Pursuant to Section 13 or 15(d) of the Securities Exchange Act of 1934

Date of Report (Date of earliest event reported): June 26, 2013

_______________________________

Kenergy Scientific, Inc.

(Exact name of registrant as specified in its charter)

_______________________________

 

New Jersey 333-120507 20-1862816
(State or Other Jurisdiction (Commission (I.R.S. Employer
of Incorporation) File Number) Identification No.)

56 Junction Rd. flemington, NJ 08822
(Address of Principal Executive Offices) (Zip Code)

908-788-0077
(Registrant’s telephone number, including area code)

Not Applicable
(Former name or former address, if changed since last report)

Check the appropriate box below if the Form 8-K filing is intended to simultaneously satisfy the filing obligation of the registrant under any of the following provisions:

¨ Written communications pursuant to Rule 425 under the Securities Act (17 CFR 230.425)
¨ Soliciting material pursuant to Rule 14a-12 under the Exchange Act (17 CFR 240.14a-12)
¨ Pre-commencement communications pursuant to Rule 14d-2(b) under the Exchange Act (17 CFR 240.14d-2(b))
¨ Pre-commencement communications pursuant to Rule 13e-4(c) under the Exchange Act (17 CFR 240.13e-4(c))
 

 

 
 

 

Section 8 – Other Events

 

Item 8.01 Other Events

 

On June 26, 2013, Kenneth Glynn (“Party A”) executed a non-binding Letter of Intent with Mira Mar Group Inc (“MMG” or “Party B”), and together with Party A, each a “Party” and collectively the “Parties”, sets forth the general terms and conditions of the Parties’ agreement to purchase on the part of Party B and to sell on the part of Party A certain shares of stock in Kenergy Scientific, Inc.

 

Party B intends to acquire control of KNSC for the purpose of operating two separate subsidiaries One subsidiary is an EU and (Seychelles in transition) based financial services type organization Pan Tuffa Holdings which operates and maintains and operates a substantial size of operation of Internet based properties such as (SPOTFX) www.spotfx.com (OPTIONS) www.optionese.com and (PRESCIOUS METALS DEALER) www.trustvault.com. The second subsidiary will be a Canadian based advertising media company. The media company represents or acts as a sales agent with other advertising aggregators for approximately 140 Nationwide radio stations in Canada and markets such as Toronto Ottawa and Vancouver. The company manages social media networks for companies and offers various customer service solutions for their corporate clients through a company owned call centre. The media group also acts as a sales agent for a Delaware USA real estate timeshare and fractional ownership company. Party B has no desire to operate the GreenSmart Store business or retain currently existing KNSC Management Patents and Patent Applications.

 

 

Item 9.01.  Financial Statements and Exhibits.

 

(d)   Exhibits

 

99.1 Control Block of Stock Securities Purchase Agreement
   

 
 

 

 

SIGNATURES

 

 

Pursuant to the requirements of the Securities Exchange Act of 1934, as amended, the registrant has duly caused this report to be signed on its behalf by the undersigned hereunto duly authorized.
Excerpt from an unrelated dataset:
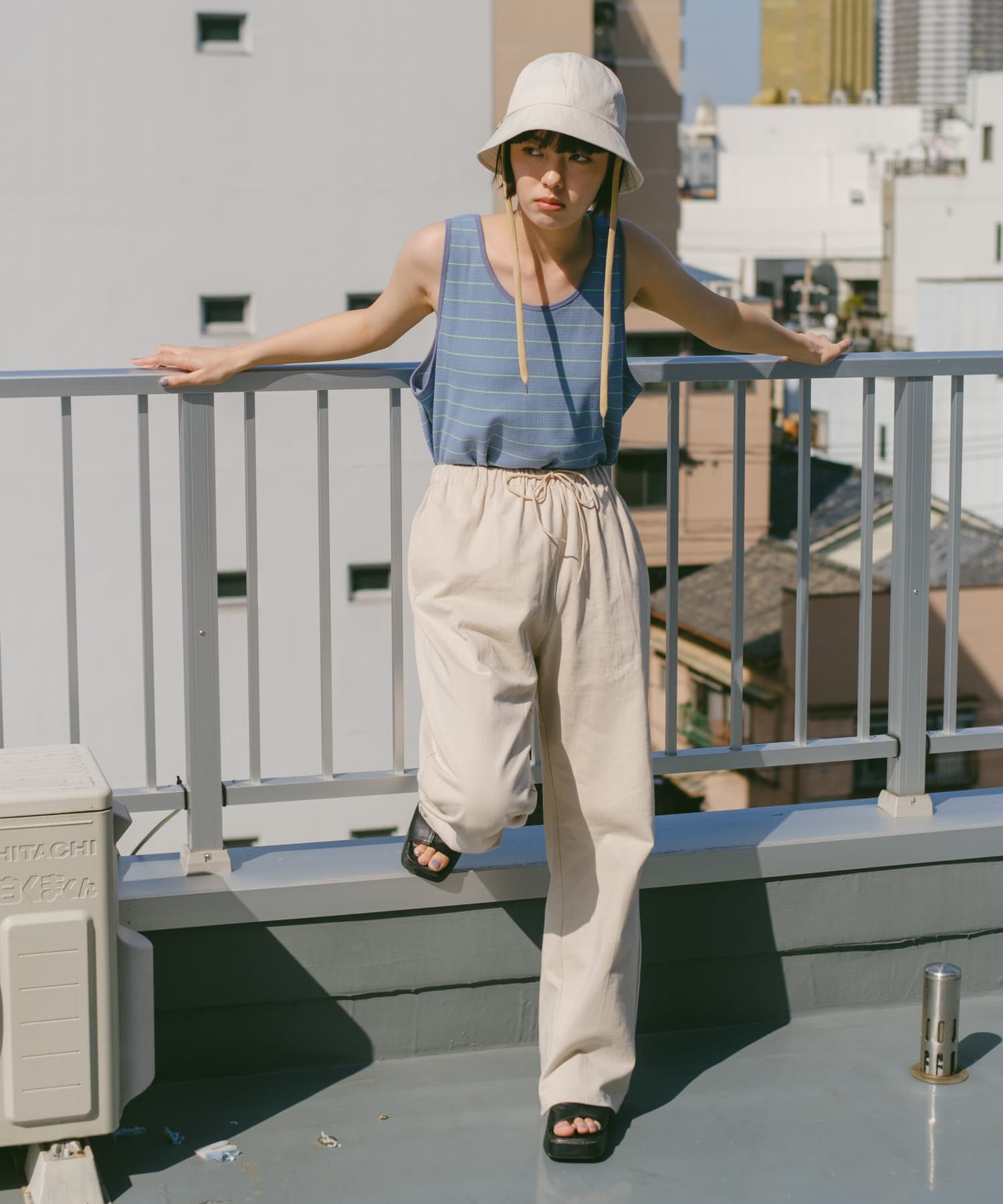 仕上げの段階で製品洗いによるアタリや日焼け加工を施すことでユーズド感ある表情に仕上げています。
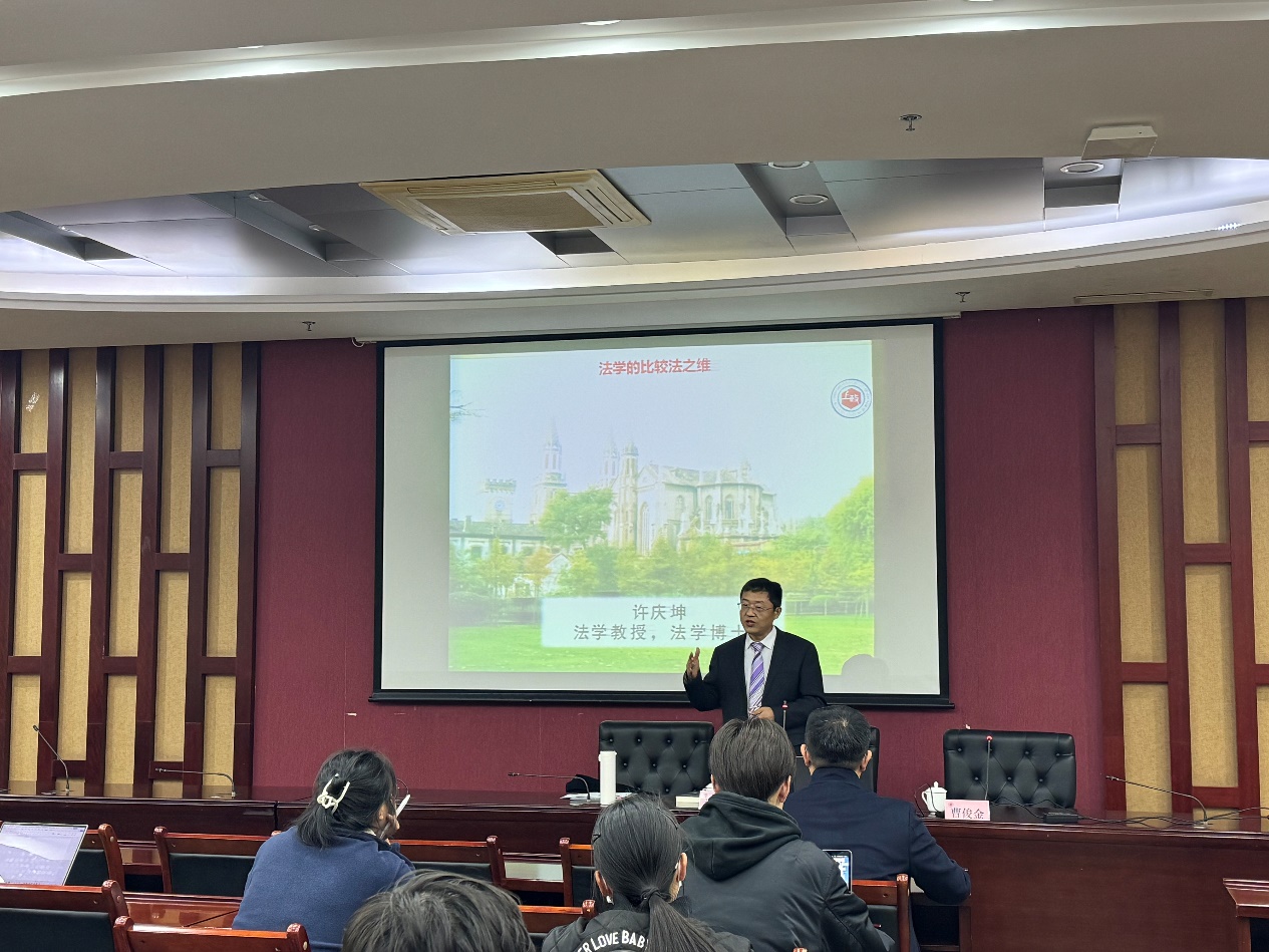 11月15日晚,新生系列讲座法学第六讲在汇知楼107开讲,国际法学院教授许庆坤为2023级新生作题为“法学的比较法之维”讲座,近百名师生现场聆听。讲座由国际法学院曹俊金副教授主持。

Date:  June 28, 2013 Kenergy Scientific, Inc.
  By /s/ Kenneth P. Glynn
    Name: Kenneth P. Glynn
Title: Chief Executive Officer

 

 
 

Exhibit 99.1

Mina Mar Group Inc

 5155 Spectrum Way Unit #5
Mississauga, ONT L4W 5A1
Canada 416 597 8884

 

 

PERSONAL & CONFIDENTIAL

May 31, 2013 (FINAL REVISIONS JUNE 28, 2013)

 

Kenneth Glynn

56 Junction Road

Flemington, NJ 08822

Re: Control Block of Stock Securities Purchase Agreement Miro Zecevic and or Mina Mar Group Inc (MMG), As interim agents (custodians) for an incoming Co CEO’s / Preferred Shareholder Charles Zein, Manuel Canales and or Zoran Cvetojevic

Dear Mr. Glynn:

This non-binding letter of intent (the “Letter of Intent”) is made by and between Kenneth Glynn. (“Party A”) and MMG Company A (“Party B”), and together with Party A, each a “Party” and collectively the “Parties”) and sets forth the general terms and conditions of the Parties’ agreement to purchase on the part of Party B and to sell on the part of Party A certain shares of stock in Kenergy Scientific, Inc. (KNSC) (the “Proposed Transaction”). This letter contains non-binding provisions of understanding between Party A and Party B, unless otherwise explicitly stated, it does not impose any legal obligations on either Party.

The Proposed Transaction requires additional documentation and approvals; including the preparation and approval of one or more final agreements (the “Final Agreements”) setting forth the terms and conditions of the Proposed Transaction in further detail. Before the Final Agreements are reached, we would like to confirm that we share an understanding of the principal terms and conditions of the Proposed Transaction, and that all Parties are willing to proceed in mutual good faith to work toward Final Agreements and a closing consistent with these terms.

Party B intends to acquire control of KNSC for the purpose of brining in a foreign exchange broker business (SPOTFX) Project, and/or a real estate timeshare company similar to www.saveene.com at the Purchasers sole discretionary option and acknowledges that Party B has no desire to operate the GreenSmart Store business or retain currently existing KNSC Patents and Patent Applications.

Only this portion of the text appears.